5. Conclusions

The first research question asked whether simulation modeling is used to support decision making in the IT service strategy context. This paper explores the use of simulation modeling in this scope and the works founded show that different simulation approaches have been used. According to their application fields, these works have been associated with the most suitable process of ITIL Service Strategy module.

The second research question asked whether it is adequate to use System Dynamics to solve IT service strategy problems. The main contribution of this work is a System Dynamics model in the scope of ITIL strategy of IT services process that helps service providers in the decision-making process to define their strategic goals. The simulation model allows analyzing the outcomes of changes in the service capacity, which a service provider assigns to a specific customer, and in the tendency of customer's service requests on the fulfillment of one of the business rules associated with the strategic goal customer satisfaction. This business rule is reflected in the SLA that the service provider and the customer sign and determines the maximum percentage of service requests that are permitted to be rejected because they have exceeded the response time established.
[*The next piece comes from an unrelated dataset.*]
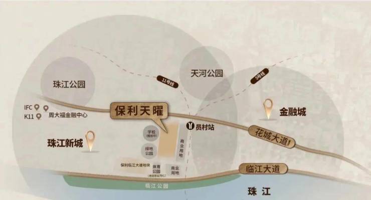 尤为值得一提的是,这是天河比较难得的靠近地铁站的盘,地块东北侧距离地铁5号线与11号线交汇的员村站仅150m,5号线+11号线可以连通广州最核心的几个商务圈---珠城、琶洲、天河北、白鹅潭等等,通达性很强。

To do that, different simulation scenarios were configured by varying the service capacity and the tendency of service requests received. The main objectives of the experiments described in this study are as follows: (a) to evaluate the fulfillment of the business rule with the service capacity contracted by the customer, (b) to determine the lowest service capacity that ensures the fulfillment of the business rule, and (c) to analyze the service behavior by varying the service capacity assigned to the customer and the tendency of service requests received. The dynamic feature of the simulation model helps analyze the fulfillment of the business rule and the service behavior through time and determine the adequate moment to change the service capacity to guarantee the business rule fulfillment.

On the other hand, several optimization experiments were performed that allow determining the best values of decision variables that meet the following optimization objectives: (a) to minimize the service requests rejected, (b) to maximize the service requests validated, and (c) to minimize the nonfulfillment of the business rule.

The main objectives of our further works are as follows:

(i) extend the functionality of the simulation model presented in this work to solve more complex problems in the context of the IT service strategy.

(ii) develop simulation models to help in decision making in different domains of IT service management processes. For this, different simulation approaches can be applied;

(iii) apply the simulation models built in real companies to help calibrate and validate them. The usage of these models will provide important benefits for the companies.